DataFramesMeta.jl version 0.11.0 Release

Hi all,

I’m excited to announce a new release of DataFramesMeta.jl.

This feature adds one major new feature, which is the ability to use AsTable on the right-hand-side of transformations. This makes it easy to work with many columns at once programatically. In particular, it allows one to emulate Stata’s rowmean function.

julia> using DataFramesMeta, Statistics;

julia> df = DataFrame(rand(10, 100), :auto); # A wide data frame

julia> @rselect df :row_mean = mean(AsTable(:))
10×1 DataFrame
 Row │ row_mean 
     │ Float64  
   1 │ 0.495727
   2 │ 0.478012
   3 │ 0.449286
   4 │ 0.457304
   5 │ 0.508363
   6 │ 0.470989
   7 │ 0.49183
   8 │ 0.450141
   9 │ 0.489021
  10 │ 0.484617

Here AsTable works just the same as AsTablein DataFrames.jl. Behind the scenes in a transform call, we pass a NamedTuple of vectors (or in the row-wise case, a plain old NamedTuple) to the underlying function.

In the above example, it would appear I the mean of a 100-element NamedTuple, which normally carries with it large compilation costs. But thanks to great work by @bkamins and @nalimilan, DataFrames.jl uses a faster path which never materializes the named tuples, see #2869 for more details. Thanks to Julia’s modularity, DataFramesMeta.jl benefits from this excellent work.

In the future, I plan to add a @collect macro-flag (similar to @passmissing and @byrow) to let end-users take advantage of this fast path themselves.

There are additional compilation improvements in this release. For example, :y = f(g(:x)) used to expand to an anonymous function, meaning the same transformation twice in separate places would incur a compilation cost each time.
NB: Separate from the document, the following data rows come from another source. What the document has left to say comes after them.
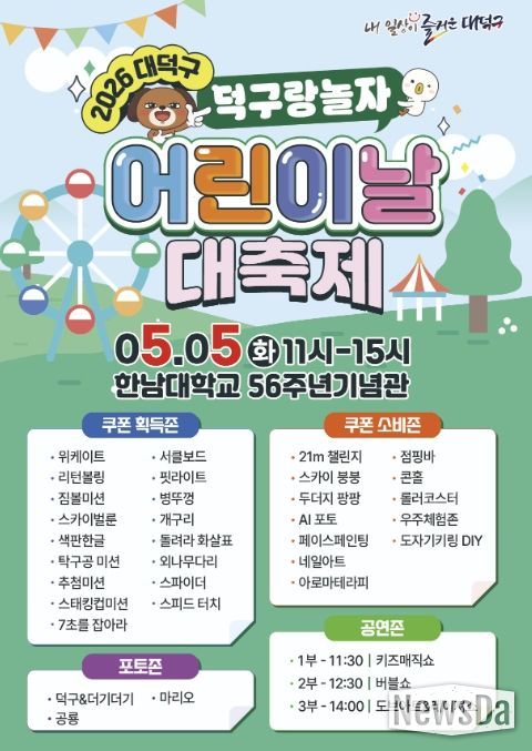 뉴스다 최광묵 기자 | 대전 대덕구는 제104회 어린이날을 맞아 아동과 가족이 함께 즐길 수 있는 ‘덕구랑 놀자! 대덕구 어린이날 대축제’를 개최한다고 밝혔다.
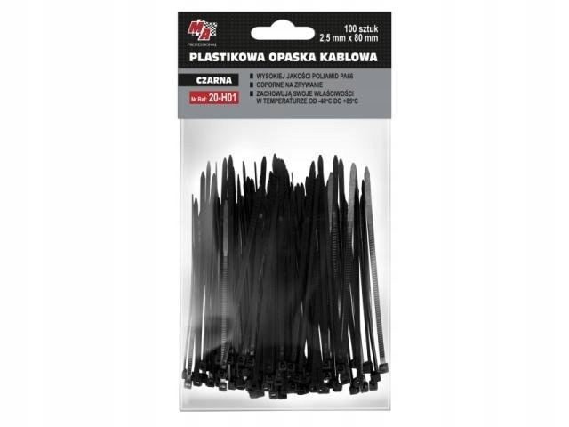 МА ПРОФЕСІЙНА ПЛАСТИКОВА КАБЕЛЬНА Стяжка - ЧОРНА 2,5 ММ X 80 100 ШТ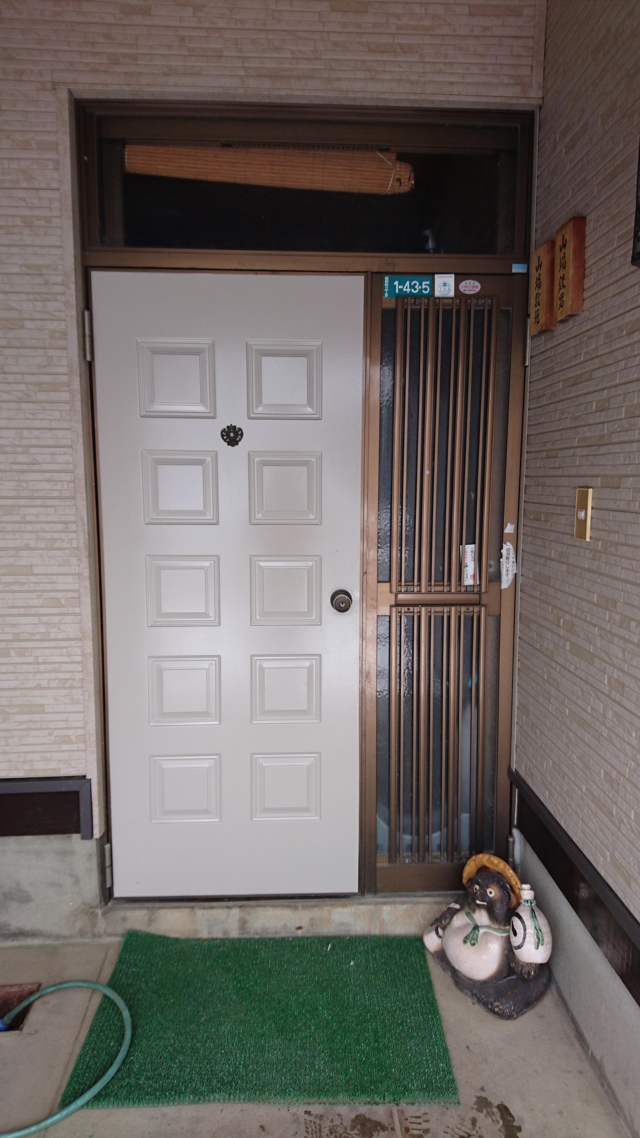 親子ドアから片引戸へ取替えました。風の強い日も楽に開く事が出来ます。
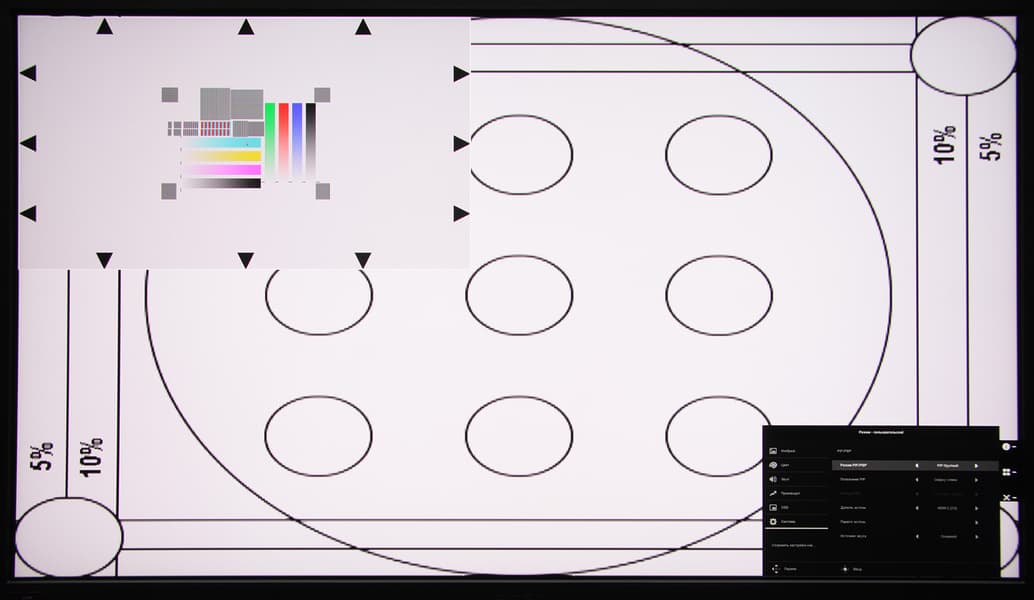Воспроизведение тестовых видеороликов с 10-битным цветом и плавными градиентами показало, что с большой вероятностью вывод действительно идет в режиме с глубиной на цвет выше, чем 8 бит. По крайней мере, заметность переходов между оттенками существенно ниже, чем при 8-битном выводе. Функция смешения цветов в настройках видеорендерера была, разумеется, отключена. Вывод в HDR точно возможен при подключении по HDMI, и не возможен по DisplayPort, вход USB-C не проверялся. В режиме HDR при выводе светлого изображения яркость подсветки динамически повышается, например, на белом поле почти во весь экран потребление от сети возрастает до 78,1 Вт. Также для локального управления яркостью используется ЖК-матрица: на обычном белом пропускание ЖК-матрицы снижено, а на ярком белом повышено. В итоге максимальная зафиксированная нами статическая яркость достигла 608 кд/м², и, возможно, в динамике яркость может повышаться и до большей величины. Напомним, что для режима HDR заявлена пиковая яркость в 1000 кд/м². Таким образом, данный монитор имеет полноценную поддержку HDR, так как сигнал HDR принимается и вывод осуществляется в режиме широкого цветового охвата (см. ниже), с повышенной битностью на цвет и с повышенной максимальной яркостью.

Now, howver, :y = f(g(:x)) get’s expanded to :y = (f ∘ g)(:x), whose compilation is re-used.

This will make DataFramesMeta.jl feel more snappy with long @chains of operations.


julia> using DataFrames, DataFramesMeta

julia> df = DataFrame(x = [1, 2]);

julia> function inner(x)
           t = (x .- mean(x) .+ std(x)) .^2 
           t ./ t[1]

julia> function outer(x)
           @. (x + 1) * 100 + 60

julia> @select df :y = outer(inner(:x)); # TTFP compilation


julia> @time @select df :y = outer(inner(:x)); # First try
  0.024464 seconds (17.83 k allocations: 1.045 MiB, 97.90% compilation time)

julia> @time @select df :y = outer(inner(:x)); # Second try
  0.025492 seconds (17.82 k allocations: 1.041 MiB, 97.88% compilation time)


julia> @select df :y = outer(inner(:x)); # TTFP compilation

julia> @time @select df :y = outer(inner(:x)); # First try
  0.000110 seconds (121 allocations: 6.531 KiB)

julia> @time @select df :y = outer(inner(:x)); # Second try
  0.000107 seconds (121 allocations: 6.531 KiB)

And of course plenty of docs fixes. Thank you to everyone who helped out!

See the here.

In the next release we will add:

  1. A @collect macro-flag for even faster row-wise operations
  2. Keyword arguments. I’ve been procrastinating finishing up the PR for it. If you want to help, the PR is here. Please let me know if you would like to assist!

I think we are getting closer to a 1.0 release.